What can we learn from the discussion draft of ‘A Toolkit for Addressing Difficulties in Accessing Comparables Data for Transfer Pricing Analyses’?
In 2017, the Platform for Collaboration on Tax released a draft toolkit – A Toolkit for Addressing Difficulties in Accessing Comparables Data for Transfer Pricing Analyses – that aims to address the challenges associated with retrieving comparables data for the analysis of transfer pricing (TP): an important aspect of international tax policy.
The Platform for Collaboration on Tax features RoyaltyRange (www.royaltyrange.com) as the European database for intangibles license agreements and royalty rates.
The Platform for Collaboration on Tax is a joint initiative between the International Monetary Fund (IMF), the Organisation for Economic Co-operation and Development (OECD), the United Nations (UN) and the World Bank Group. It released the discussion draft to help developing countries overcome challenges associated with a lack of comparables data, so that they can conduct efficient TP analyses and make the best of the data that is available.
What does the draft toolkit discuss?
The discussion draft is one in a series of reports the Platform for Collaboration on Tax has created. The reports are designed to help developing countries implement the OECD/G20 Base Erosion and Profit Shifting (BEPS) initiative, so that they can safeguard their tax bases from aggressive tax planning. The discussion draft highlights these issues with respect to commercial databases:
- Most commercial databases collate information produced for purposes other than transfer pricing.
- With respect to commercial databases, many developing countries report two core challenges: access and limited data coverage. First, they highlight difficulties, including costs involved, in relation to accessing commercial databases. Second, even where they can be accessed, such databases often contain limited, or no, data concerning local economic operators that may potentially serve as comparables.
RoyaltyRange was initially designed as a transfer pricing database, with the aim to also use the data for tax, valuation, legal, patent box and benchmarking purposes.

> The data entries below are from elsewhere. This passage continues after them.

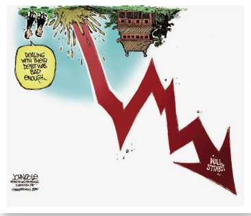
John Cole | USA China: Sich auf die US-Schulden einzulassen war eine schlechte Idee.
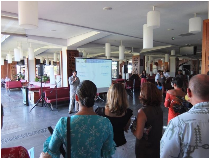
事前説明会は出発ロビーで

まずはファアア国際空港に集合。事前説明会は出国ゲートを通りぬけて、搭乗ゲート前のラウンジで行われました。普段は立ち入ることの出来ない場所で、所属会社名や身分証の確認がありました。
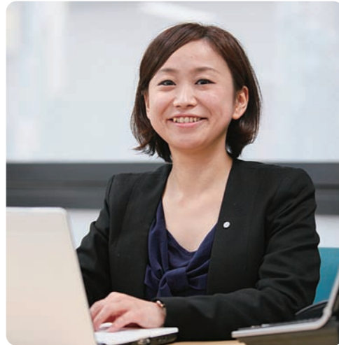
株式会社スーパー・コート 本学と産学連携協定を締結

その歴史と実績から「介護に強い短大」として評される華頂短期大学。介護業界の最前線で活躍される方々からメッセージをいただきました。
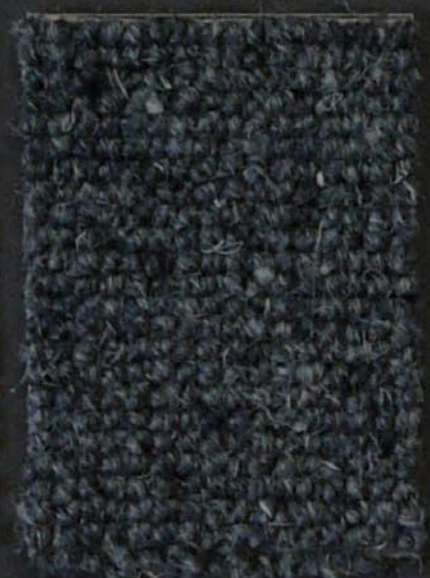
Tube c 289
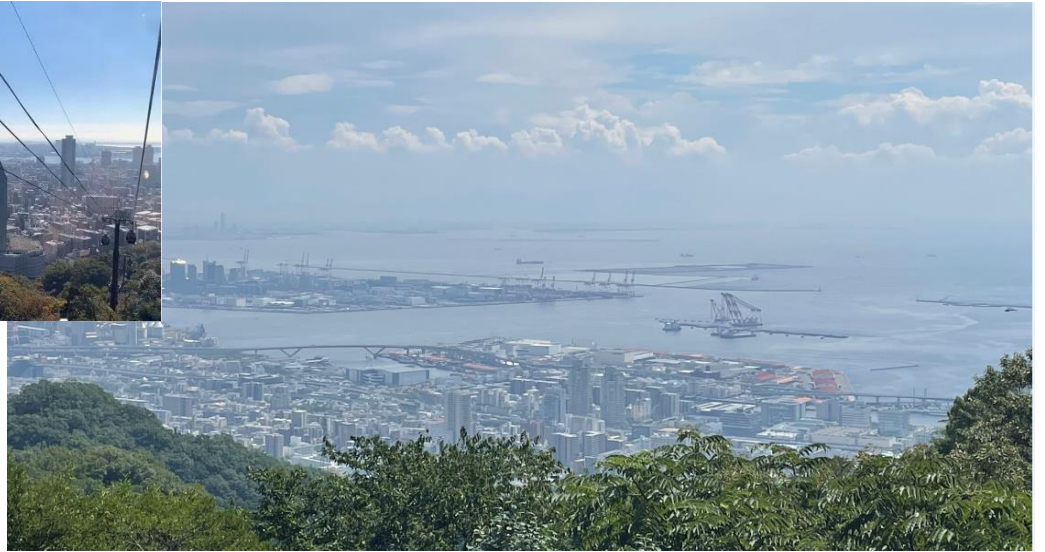
山頂の展望台より(左上:六甲アイランド)
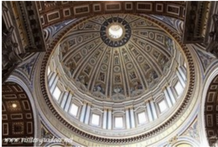
Coupole de la basilique

Quand il meurt, en 1564, à l'âge de 87 ans, la construction de la coupole est à peine engagée (elle ne sera achevée qu'en 1590). Si l'ouvrage est mené à bien en respectant la plupart des consignes du maître, le plan définitif adoptera... une croix latine ! La nef est en effet allongée pour accueillir le plus grand nombre de fidèles.
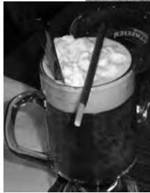
Man gönnt sich ja sonst nix!

Restaurant «Blume» ist für uns das Stübli reserviert, wo wir uns mit Kaffee und gut getränkter «Original Zuger Kirschtorte», oder sonst etwas Süßem, für unserer Leistung belohnen. Da jetzt sogar die Sonne lacht, entscheiden sich 6 nimmermüde Clubkameradinnen auf der Buuseregg das Postauto zu verlassen und nach
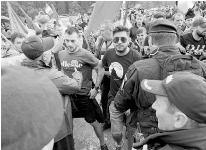
Román szélsőségesek „megrohamozták” és „elfoglalták” a temetőt

Az RMDSZ és a magyar Külügyminisztérium is elítélte az erőszakos román provokációt.
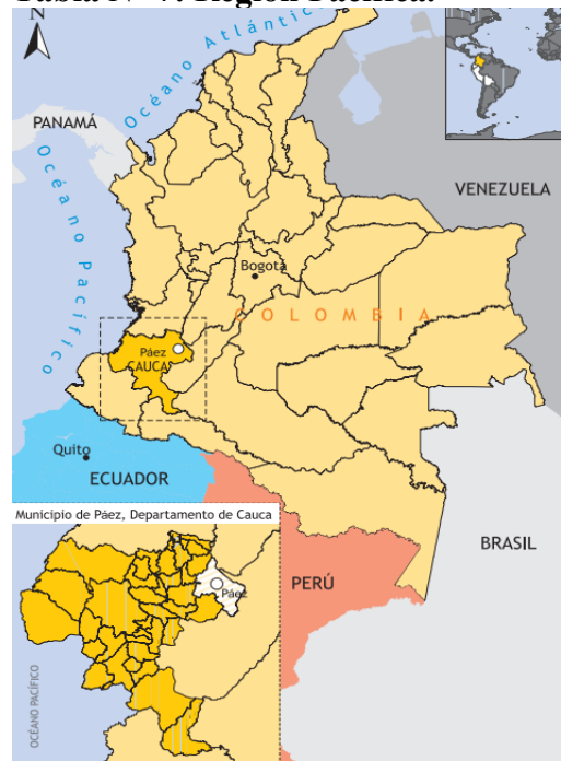
Tabla N° 7: Región Pacifica.

RoyaltyRange provides data to more than 40 countries, including developing countries. We make sure that our database can be accessed by the government and public organizations and businesses worldwide, and that it provides a sufficient coverage for all types of analyses.
Some useful practical discussion points
The Platform for Collaboration on Tax mentioned some good practical points on the method selection and comparability, which could be employed when drafting your deliverable:
- While the characteristics of the transaction are of primary importance in selecting the transfer pricing method, the availability of comparables information must also be considered. This step, therefore, helps to determine the feasibility of potential transfer pricing methods ahead of the closer analysis.

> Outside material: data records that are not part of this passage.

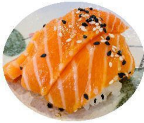
77 CHIRASHI SALMONE (Riso, salmone, sesamo) 7,00 EURO
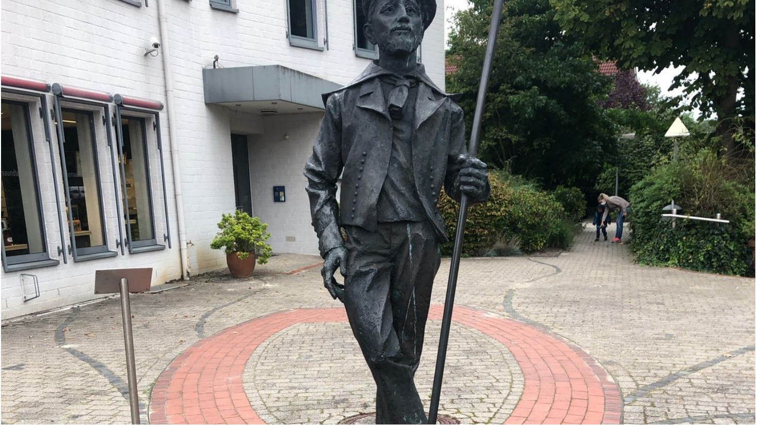
Käpt'n Kuper 2.jpeg
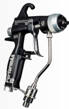
PERFORMAA AIRLESS-PISTOLEN Sind mit 105 bar (1.500 psi) für Anwendungen mit niedriger Viskosität und 345 bar (5.000 psi) für das Spritzen mit hohem Druck erhältlich.

Die leichteste luftunterstützte Pistole auf dem Markt (460 Gramm) maximiert die Produktivität des Bedieners.
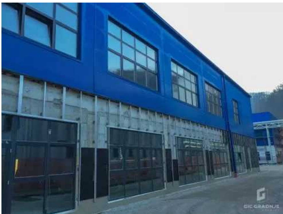
Gradnja nove tovarne Vetropak Hum na Sutli Hrvaškem.

Družba ima trenutno še deset večjih gradbišč v Sloveniji in na Hrvaškem. "Med njimi so stanovanja v Mariboru in Ljubljani, preureditev bančnih prostorov in opreme NKM Maribor, več projektov za Krko Novo Mesto, izgradnja letališča Cerklje Ministrstva za obrambo RS, gradnja nove tovarne Vetropak Hum na Sutli Hrvaškem, Tehnološkega inkubatorja na Hrvaškem in poslovnih prostorov KS Ljubno, dela v Nuklearni elektrarni Krški in mnogo drugih projektov," našteva Cajzek. Če ne bo večjih posledic zaradi širjenja koronavirusa, bo letna realizacija podjetja 60 milijonov evrov. (SP)
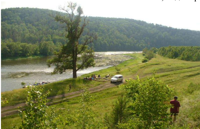
Фото№28 Стоянка около д.Ежовка

- The CUP method is most often applied for the licensing of some intangibles, particularly where the license is not unique and valuable, to benchmark a royalty rate.
- Often, no reference information exists to compare highly complex transactions such as those involving unique and valuable intangibles. However, limitations in the availability of information can occur in relation to all transactions, not just those of a unique nature and complexity.
What is transfer pricing?
The discussion draft defines transfer pricing as ‘a price employed in a transaction between associated enterprises’.
Transfer pricing is a legitimate and necessary feature of the commercial activities of multinational enterprises. However, where the transfer prices used do not accord with internationally applicable norms or with the arm’s length principle under domestic law, they can distort the allocation of profit among the countries in which a multinational enterprise operates.